→ Exercise directions
Every line of the material below should be output exactly as written, with the images skipped.

------------------------------------------------------------------------

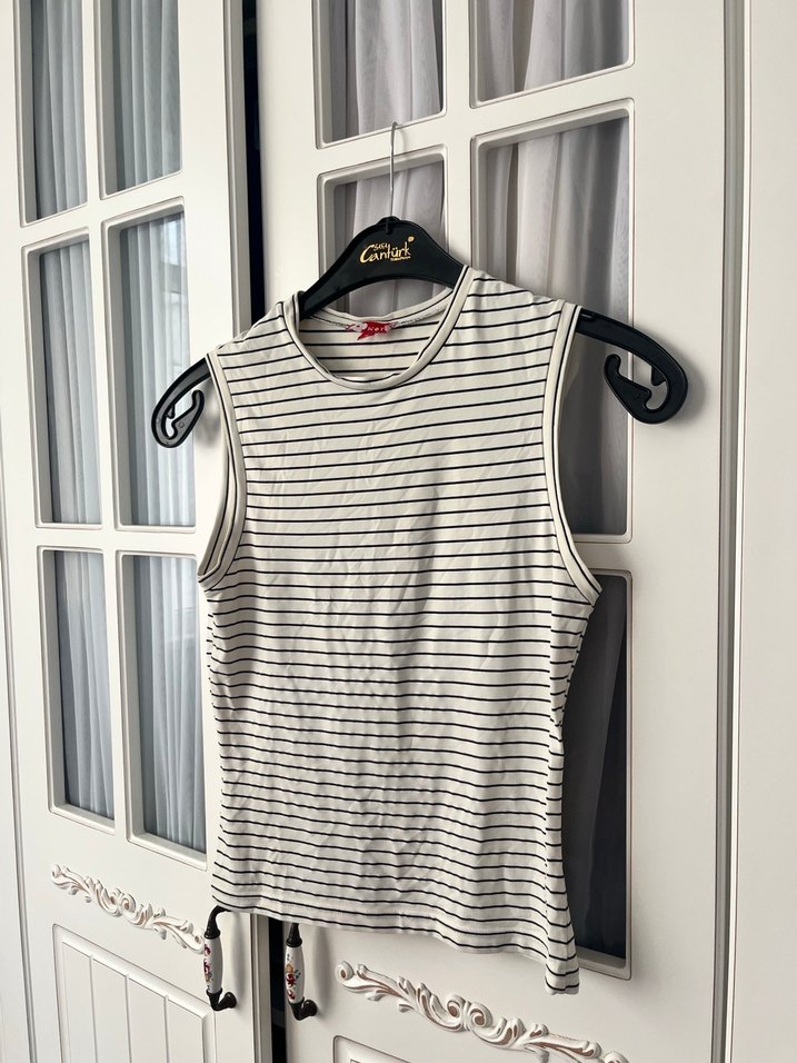 Pamuklu kumaştan, çizgili, kolsuz ve kısa kesim, beyaz ve gri renklerde, rahat ve şık bir kadın atleti. Hiç giyilmemiştir
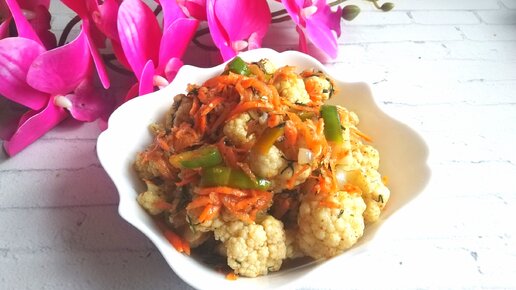 Добрый день, дорогие подписчики и гости! Урожай цветной капусты у меня в этом году необыкновенный! И сегодня я с ней приготовлю изумительный салат по-корейски. Есть его можно прям сразу, но все же лучше, если он чуть настоится. А вот еще рецепт корейского салата, популярного в нашей семье. Попробуйте, очень вкусно. Ссылка на рецепт 👇🏻. Способ приготовления: Цветную капусту хорошо промыть, разобрать на соцветия, каждое соцветие разрезать пополам (крупные соцветия можно разрезать на 3 или на 4 части)...
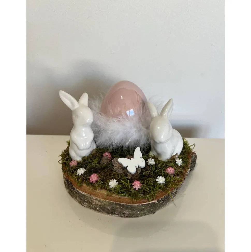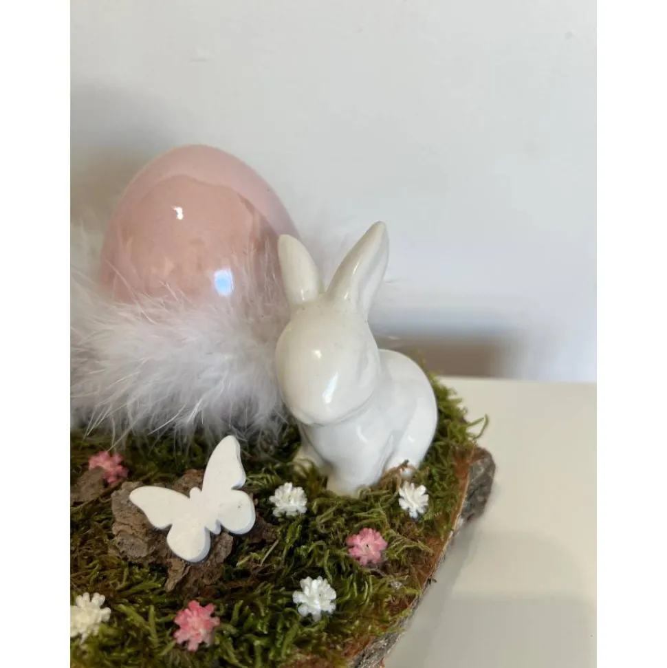 Hier biete ich ein süßes Ostergesteck auf einer Baumscheibe an, dass ich mit sehr viel Liebe zum Detail hergestellt habe 🙂
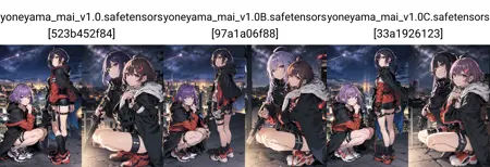 A more extensive style of Yoneyama Mai, almost all of the author's works are taken as a basis, respectively, the style is not "the same", the artist paints very variously. There are some problems: It observes anatomy somewhat worse than my best models, this is due to the complex anatomy in the artist's art, in the future I think I know how to fix it and I will solve it.
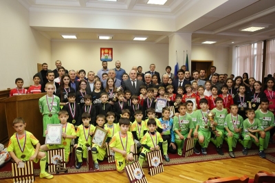 В актовом зале администрации г. Махачкалы состоялось чествование команд-победителей XХ Открытого городского турнира по футболу «Кожаный мяч – 2017», посвященного памяти основателя турнира – заслуженного мастера спорта СССР Льва Яшина, а также 95-летию спортивного общества «Динамо» и 160-летию г. Махачкалы.
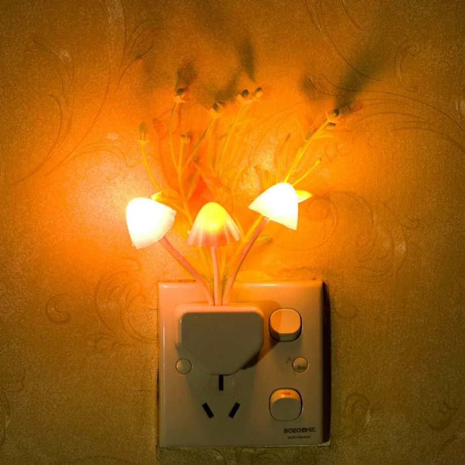 LED Night Light Automatic Sensor Night Lamp EU/US Plug in Wall Light 110V-220V 3 LED Mushroom Night Lights For Children Bedroom
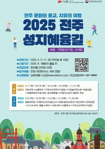 ½Ã´Â 9¿ùºÎÅÍ 11¿ù±îÁö ¸ÅÁÖ ¸ñ¿äÀÏ 1¹Ú 2ÀÏ·Î ÃÑ 10ȸ¿¡ °ÉÃÄ ÀüÁÖÀÇ ¿ª»ç¿Í Á¾±³, ¹®È¸¦ üÇèÇÒ ¼ö ÀÖ´Â Áö¿ªÆ¯È Ä¡À¯¼ø·Ê ÇÁ·Î±×·¥ÀÎ ¡®2025 ÀüÁÖ ¼ºÁöÇýÀ³±æ¡¯À» ÁøÇàÇÑ´Ù°í 9ÀÏ ¹àÇû´Ù.
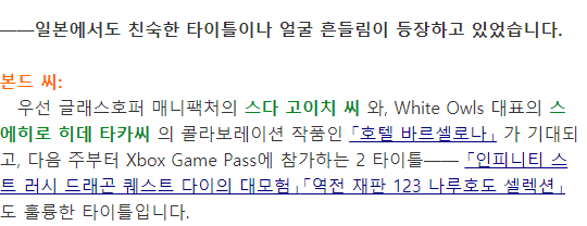다이의 대모험 전혀 모르는 영어권 게이머들이 게임스컴에서 데모해보고 주인공 이름은 죽어라(다이)고, 동료 이름이 아빠(팝), 엄마(맘)이라고 드립치더군요. | 23.09.22 01:20 | | |
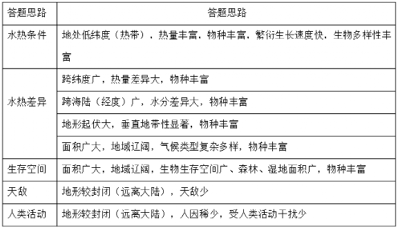 【生物多样性原因答题模板】
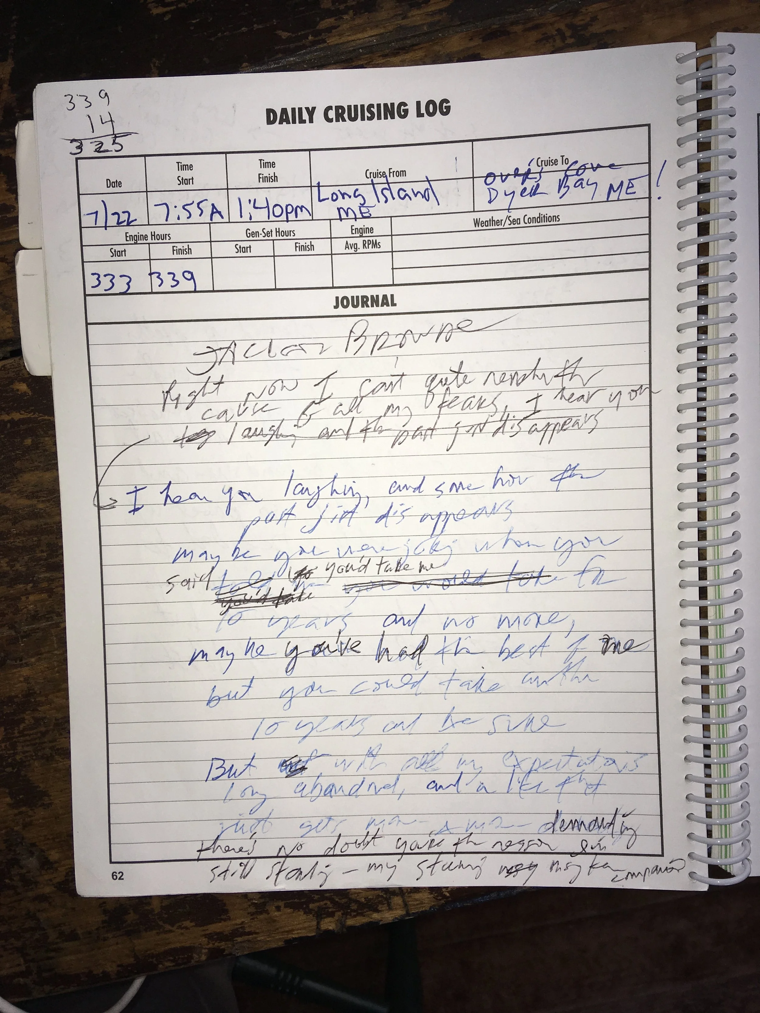 The notes in the log page above don’t have anything to do the trip. They are the lyrics of a Jackson Browne song I was inordinately preoccupied with at the time.
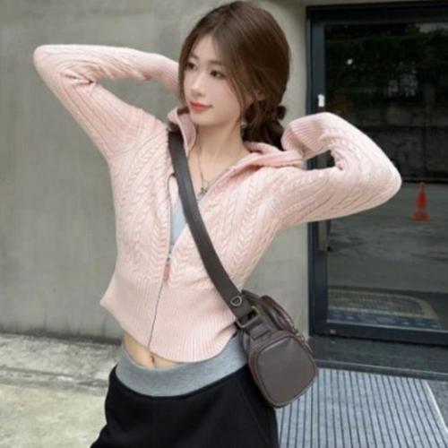 [다잇템]여성 니트케이블 집업 후디 슬림핏 짧은 짜임
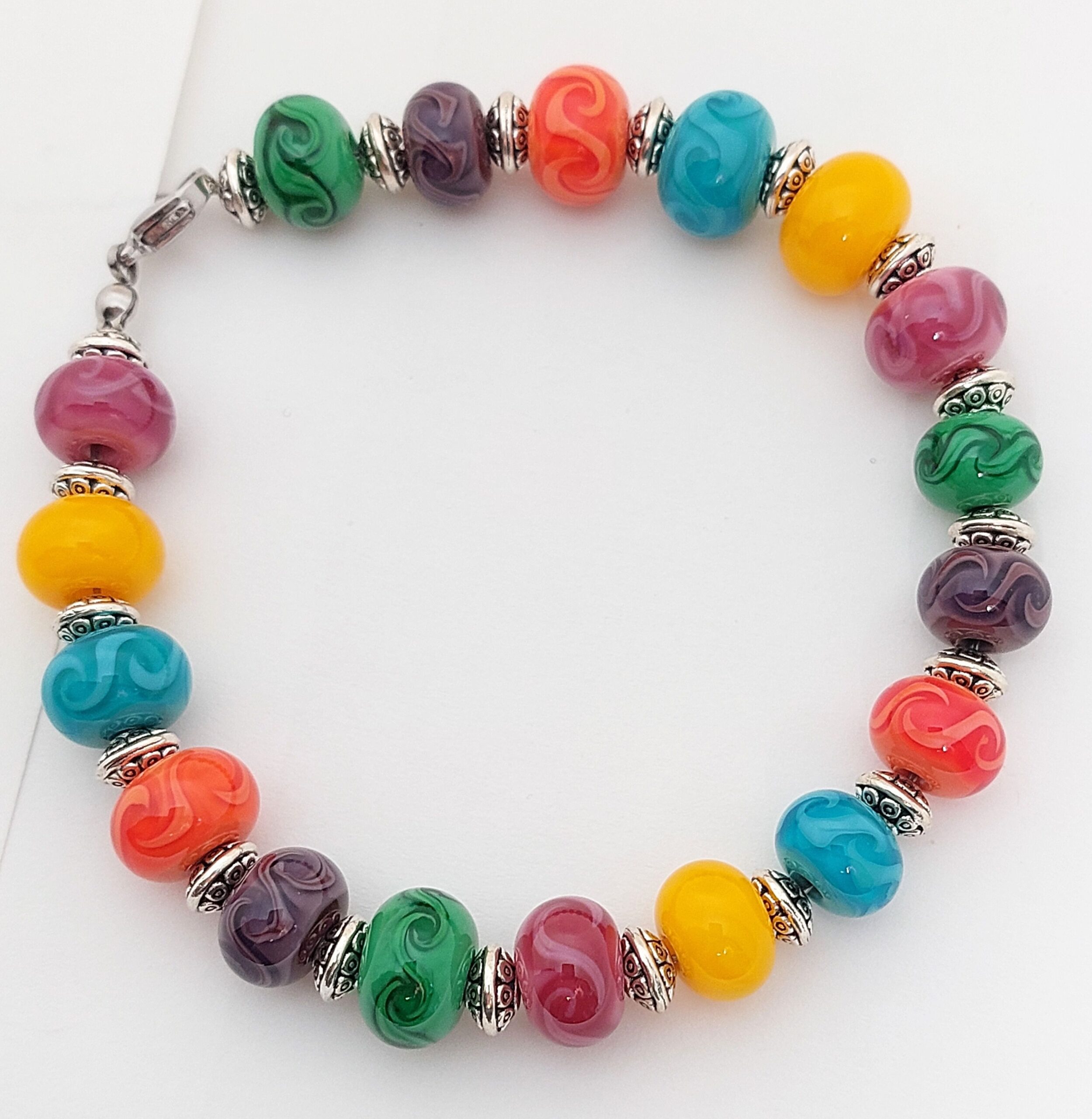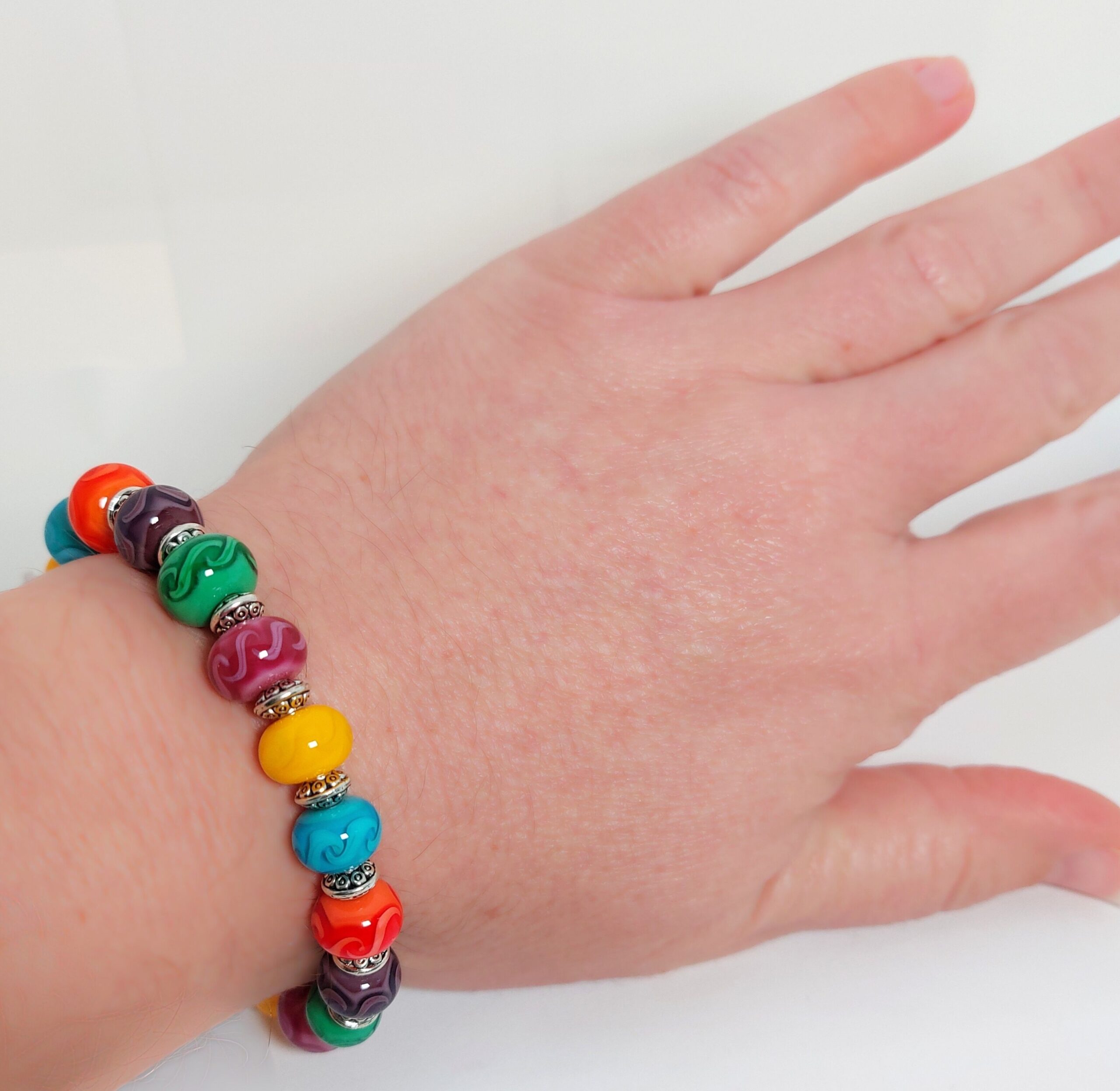 Zilverkleurige rvs armband met kleurrijke glaskraal
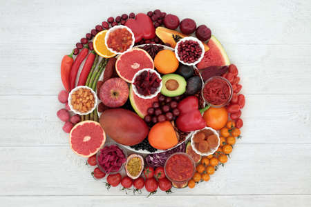 Immune boosting health food high in lycopene, anthocyanins, antioxidants, vitamins, minerals & dietary fibre. With fruit & vegetables in a circular design on a plate & loose on rustic wood background.
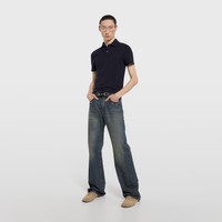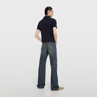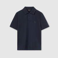 Introducing Spring Summer 2026. This style is inspired by the "Bastardo" look of La Famiglia. The collection reinterprets the House’s codes through singular personalities and distinctive aesthetic attitudes. Crafted from stretch cotton piquet, this polo shirt is enriched with a Gucci crest embroidery. - Dark blue stretch cotton piquet - Gucci crest embroidery - Polo collar - Short sleeves - Front button closure - Length: 22.8", based on a size XS - Made in Italy - Fabric: 97% Cotton, 3% Elastane - Embroidery: 100% Polyester
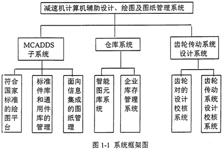 減速機(jī)計(jì)算機(jī)輔助設(shè)計(jì)、繪圖及圖紙管理系統(tǒng)主要包括MCADDS子系統(tǒng)和齒輪傳動(dòng)系統(tǒng)的設(shè)計(jì)系統(tǒng)和信息管理系統(tǒng)三部分(見圖1-1),其中MCADDS子系統(tǒng)實(shí)現(xiàn)高效繪圖;齒輪傳動(dòng)系統(tǒng)的設(shè)計(jì)系統(tǒng)快速精確的實(shí)現(xiàn)產(chǎn)品設(shè)計(jì);而信息管理系統(tǒng)將提高企業(yè)的信息管理與控制,提高資源利用率。
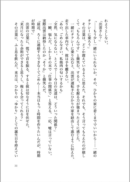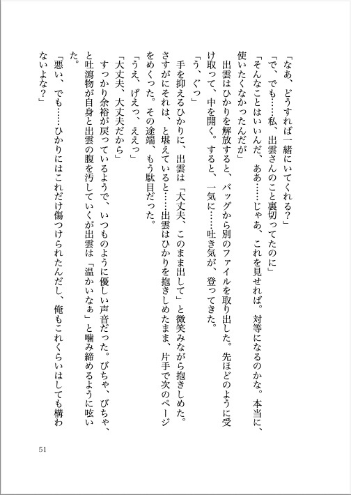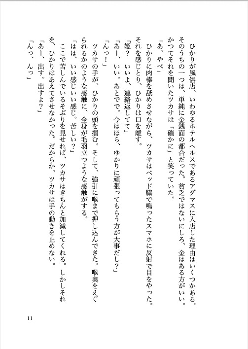 【登場人物】・雪城 ひかり宝石鑑定士として働く女性。依頼をしてきた出雲と恋仲になる。しかし出雲が全然抱いてくれず、資金調達と腹いせを兼ねて「ゆかり」という源氏名で風俗嬢を始める。繊細で優柔不断だが、人の気持ちを思いやる心が強い。流されやすく、激しく動揺すると嘔吐する体質。
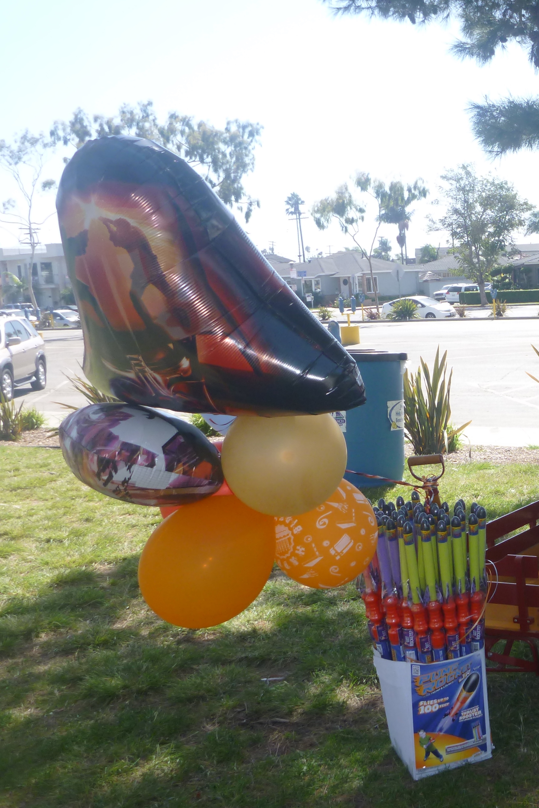 That big box is the box of party favors, which were manual air rocket launchers. I found them at a few different Ralph’s grocery stores all over Long Beach (CA) on summer clearance for as little as $1.50 each. Some stores still have them, and it is cheaper to go get a whole new launcher and rocket than order replacement rockets online. In fact, buying four launchers with their rockets would be cheaper!
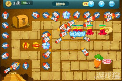其次,在空白处种上两个冰冻星星,升到顶级,然后用剩下的钱把挨着星星的火箭尽可能的升级

------------------------------------------------------------------------

→ Worked solution
 Pamuklu kumaştan, çizgili, kolsuz ve kısa kesim, beyaz ve gri renklerde, rahat ve şık bir kadın atleti. Hiç giyilmemiştir
 Добрый день, дорогие подписчики и гости! Урожай цветной капусты у меня в этом году необыкновенный! И сегодня я с ней приготовлю изумительный салат по-корейски. Есть его можно прям сразу, но все же лучше, если он чуть настоится. А вот еще рецепт корейского салата, популярного в нашей семье. Попробуйте, очень вкусно. Ссылка на рецепт 👇🏻. Способ приготовления: Цветную капусту хорошо промыть, разобрать на соцветия, каждое соцветие разрезать пополам (крупные соцветия можно разрезать на 3 или на 4 части)...
 Hier biete ich ein süßes Ostergesteck auf einer Baumscheibe an, dass ich mit sehr viel Liebe zum Detail hergestellt habe 🙂
 A more extensive style of Yoneyama Mai, almost all of the author's works are taken as a basis, respectively, the style is not "the same", the artist paints very variously. There are some problems: It observes anatomy somewhat worse than my best models, this is due to the complex anatomy in the artist's art, in the future I think I know how to fix it and I will solve it.
 В актовом зале администрации г. Махачкалы состоялось чествование команд-победителей XХ Открытого городского турнира по футболу «Кожаный мяч – 2017», посвященного памяти основателя турнира – заслуженного мастера спорта СССР Льва Яшина, а также 95-летию спортивного общества «Динамо» и 160-летию г. Махачкалы.
 LED Night Light Automatic Sensor Night Lamp EU/US Plug in Wall Light 110V-220V 3 LED Mushroom Night Lights For Children Bedroom
 ½Ã´Â 9¿ùºÎÅÍ 11¿ù±îÁö ¸ÅÁÖ ¸ñ¿äÀÏ 1¹Ú 2ÀÏ·Î ÃÑ 10ȸ¿¡ °ÉÃÄ ÀüÁÖÀÇ ¿ª»ç¿Í Á¾±³, ¹®È¸¦ üÇèÇÒ ¼ö ÀÖ´Â Áö¿ªÆ¯È Ä¡À¯¼ø·Ê ÇÁ·Î±×·¥ÀÎ ¡®2025 ÀüÁÖ ¼ºÁöÇýÀ³±æ¡¯À» ÁøÇàÇÑ´Ù°í 9ÀÏ ¹àÇû´Ù.
다이의 대모험 전혀 모르는 영어권 게이머들이 게임스컴에서 데모해보고 주인공 이름은 죽어라(다이)고, 동료 이름이 아빠(팝), 엄마(맘)이라고 드립치더군요. | 23.09.22 01:20 | | |
 【生物多样性原因答题模板】
 The notes in the log page above don’t have anything to do the trip. They are the lyrics of a Jackson Browne song I was inordinately preoccupied with at the time.
 [다잇템]여성 니트케이블 집업 후디 슬림핏 짧은 짜임
 Zilverkleurige rvs armband met kleurrijke glaskraal
 Immune boosting health food high in lycopene, anthocyanins, antioxidants, vitamins, minerals & dietary fibre. With fruit & vegetables in a circular design on a plate & loose on rustic wood background.
 Introducing Spring Summer 2026. This style is inspired by the "Bastardo" look of La Famiglia. The collection reinterprets the House’s codes through singular personalities and distinctive aesthetic attitudes. Crafted from stretch cotton piquet, this polo shirt is enriched with a Gucci crest embroidery. - Dark blue stretch cotton piquet - Gucci crest embroidery - Polo collar - Short sleeves - Front button closure - Length: 22.8", based on a size XS - Made in Italy - Fabric: 97% Cotton, 3% Elastane - Embroidery: 100% Polyester
 減速機(jī)計(jì)算機(jī)輔助設(shè)計(jì)、繪圖及圖紙管理系統(tǒng)主要包括MCADDS子系統(tǒng)和齒輪傳動(dòng)系統(tǒng)的設(shè)計(jì)系統(tǒng)和信息管理系統(tǒng)三部分(見圖1-1),其中MCADDS子系統(tǒng)實(shí)現(xiàn)高效繪圖;齒輪傳動(dòng)系統(tǒng)的設(shè)計(jì)系統(tǒng)快速精確的實(shí)現(xiàn)產(chǎn)品設(shè)計(jì);而信息管理系統(tǒng)將提高企業(yè)的信息管理與控制,提高資源利用率。
 【登場人物】・雪城 ひかり宝石鑑定士として働く女性。依頼をしてきた出雲と恋仲になる。しかし出雲が全然抱いてくれず、資金調達と腹いせを兼ねて「ゆかり」という源氏名で風俗嬢を始める。繊細で優柔不断だが、人の気持ちを思いやる心が強い。流されやすく、激しく動揺すると嘔吐する体質。
 That big box is the box of party favors, which were manual air rocket launchers. I found them at a few different Ralph’s grocery stores all over Long Beach (CA) on summer clearance for as little as $1.50 each. Some stores still have them, and it is cheaper to go get a whole new launcher and rocket than order replacement rockets online. In fact, buying four launchers with their rockets would be cheaper!
其次,在空白处种上两个冰冻星星,升到顶级,然后用剩下的钱把挨着星星的火箭尽可能的升级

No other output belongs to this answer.